День был словно грубая первоапрельская шутка: отвратительная погода и дождь. Потом стало еще хуже: шторм и зимняя стужа по всей Тоскане, скучные попутчики. На второй день путешествия был день его рождения, он вспомнил об этом часа в четыре-пять за чашкой плохого кофе на жалком постоялом дворе. Вынужденный довольствоваться поздравлением от самого себя, он заполз в экипаж и потащился дальше. Во Флоренции, куда он наконец добрался 5 апреля, он провел целую неделю и чувствовал себя как дома.
Далее через Болонью в Венецию, которая ему не особенно понравилась; здесь было слишком мертво, но он с интересом посмотрел полотна Тициана, площадь св. Марка в вечернем освещении и лагуны, где сидели на берегу рыбацкие жены и ждали своих мужей домой из опасного плавания в открытом море. Пейзаж к северу от Апеннин, как ему показалось после Рима и Неаполя, уже не отличался блеском, и он выбрал короткую дорогу: Виченца, Верона, Бреннер, и вот — прощай, Италия. Альпы остались позади.

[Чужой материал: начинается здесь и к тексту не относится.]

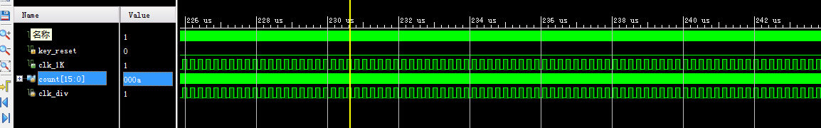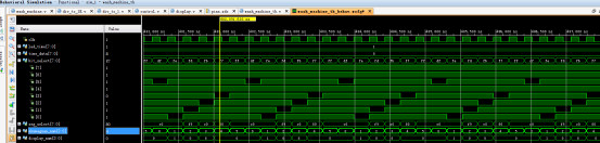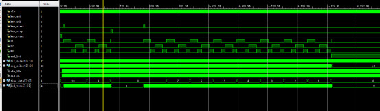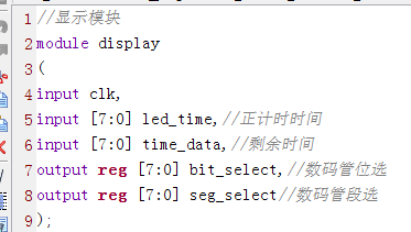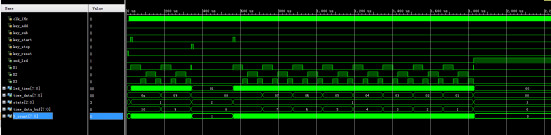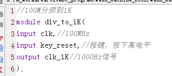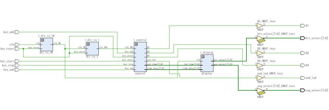 module wash_machine( input clk,//100MHz input key_add,//加按键,设置时间--BTL input key_sub,//减按键,设置时间--BTR input key_start,//启动按键--BTU input key_stop,//暂停按键,按下高电平--BTD input key_reset,//复位按键--BTC output D1,//正转 output D2,//反转 output D3,//暂停 output end_led,//结束指示灯 output stop_led, output [3:0] bit_select,//数码管位选 output [7:0] seg_select//数码管段选 ); wire clk_1Hz; wire clk_1K; wire [7:0] time_data;//剩余时间 wire [7:0] led_time;//正计时时间 //100M分频到1K div_to_1K i_div_to_1K( . clk(clk),//100MHz . key_reset(key_reset),//按键,按下高电平 . clk_1K(clk_1K)//1KHz信号 ); //1K分频到1Hz div_to_1 i_div_to_1( . clk_1K(clk_1K),//1KHz . key_reset(key_reset),//按键,按下高电平 . clk_1Hz(clk_1Hz)//1Hz信号 ); //控制模块 control i_control( . clk_1Hz(clk_1Hz),//1Hz . key_add(key_add),//加按键,按下高电平 . key_sub(key_sub),//减按键,按下高电平 . key_stop(key_stop),//暂停按键,按下高电平 . key_start(key_start),//启动按键,按下高电平 . key_reset(key_reset),//复位按键,按下高电平 . end_led(end_led), . stop_led(stop_led), . D1(D1),//正转 . D2(D2),//反转 . D3(D3),//暂停 . led_time(led_time), . time_data(time_data)//剩余时间 ); //显示模块 display i_display ( . clk(clk_1K), . led_time(led_time),//正计时时间 . time_data(time_data),//剩余时间 . bit_select(bit_select),//数码管位选 . seg_select(seg_select)//数码管段选 ); endmodule

30 апреля он приехал в Мюнхен. Здесь пробыл месяц — примерно на три недели больше, чем нужно, писал он, хотя, как обычно, он познакомился с интересными людьми. Но климат там был скучный и ужасный. Он тосковал по «великанским кипарисам, гордым пиниям и оливам, их листья по вечерам напоминают черный бархат, с которого каплями стекает ночь. Я скучаю по необыкновенно синему морю, пальмам и кактусам и особенно по красивым людям (которые все в душе плуты) и живительному воздуху, свежему и наполненному ароматом апельсинов и лимонов».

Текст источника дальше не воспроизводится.